As you consider your people, ask yourself:
- Do we have AI/ML expertise in-house, or will we partner with or outsource to an agency?
- Are our business leaders sufficiently AI-literate to make sound governance decisions? (Yes, this can be a tough one to ask, let alone answer, as people don’t necessarily want to reveal their lack of familiarity with something as important as AI. So this has to go beyond egos or nervousness and get to the truth.)
- Have we given any consideration to the employees most affected? Will we offer L&D and upskilling opportunities?
I’m very aware that this topic can be rather sensitive, and people are rightly worried about their jobs. It needs to be approached with a high level of EQ and transparency. Meet with your teams, give your employees access to L&D resourcing, and, when appropriate, look elsewhere to agencies like ours that have the talent and skills.
As we discussed in AI Governance in 2025: What you need to know, regulatory pressure on AI is intensifying.

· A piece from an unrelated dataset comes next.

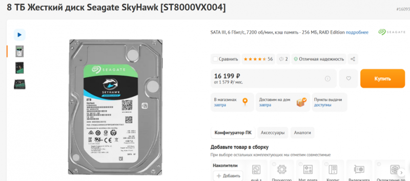 Жесткий диск Seagate SkyHawk на 8 терабайт стоит дешевле, чем Western Digital Purple на 6 терабайт, поэтому выглядит как выгодный вариант для покупки. К тому же, конкретно у этой модели вроде как нет проблем с надежностью – самыми ненадежными, если судить по предоставленной компанией Backblaze статистике, являются накопители серии Exos. Сам бы я предпочел взять WD, но если у вас нет такого негативного настроя по отношению к Seagate, как у меня, обусловленного личным опытом, то рассматриваемый восьмитерабайтник может стать хорошим выбором. К тому же, у меня тоже были жесткие диски Seagate, которые много лет работали без проблем. Но такова уж особенность нашей психики: если техника работает нормально, это воспринимается как должное и не запоминается, а если выходит из строя — это вызывает негативные эмоции и откладывается в памяти.

And although there is some disagreement about how far to go, the thing to remember is that, regardless of the law, your customers want to see responsible AI practices. They want transparency. And your employees do too. It’s in everyone’s interest for you to have defined protocols and to have a clear understanding of your legal obligations.
Ask yourself:
- Do we have a defined AI ethics policy and a cross-functional team to enforce it?
- Are there clear accountability structures for AI-driven decisions, particularly high-stakes ones?
- How are we monitoring deployed AI systems for bias, drift, or unintended consequences?
Governance is essential, not just a routine step. It provides the foundation to innovate at scale while protecting your reputation and reducing legal and operational risks.

Our CTO would probably suggest I put this first because, all too often, in discussions with business leaders, it becomes clear that many legacy technology stacks simply cannot support the compute, integration, or scalability that enterprise AI demands.
So ask your CTO or IT team:
- Is our cloud and compute infrastructure sufficient for the workloads we intend to run?
- Can our existing systems integrate with AI platforms via modern APIs without prohibitive cost or complexity?
- Do we have the security architecture in place to protect AI models, training data, and outputs?
Along with the answers to these questions, you need the time and resources to address any issues that arise.
Be deliberate. Yes, business leaders are under a lot of pressure to deploy AI, and it might be tempting to roll something out to get things moving.
However, to do so would be a mistake. Use this checklist not as a box-ticking exercise, but as a diagnostic. Where are your gaps? Where are you most exposed? Sort these out first, and take the time to ensure you have all the measures in place so that when you deploy AI, it will deliver the transformation you are promising your board, your customers, and your people.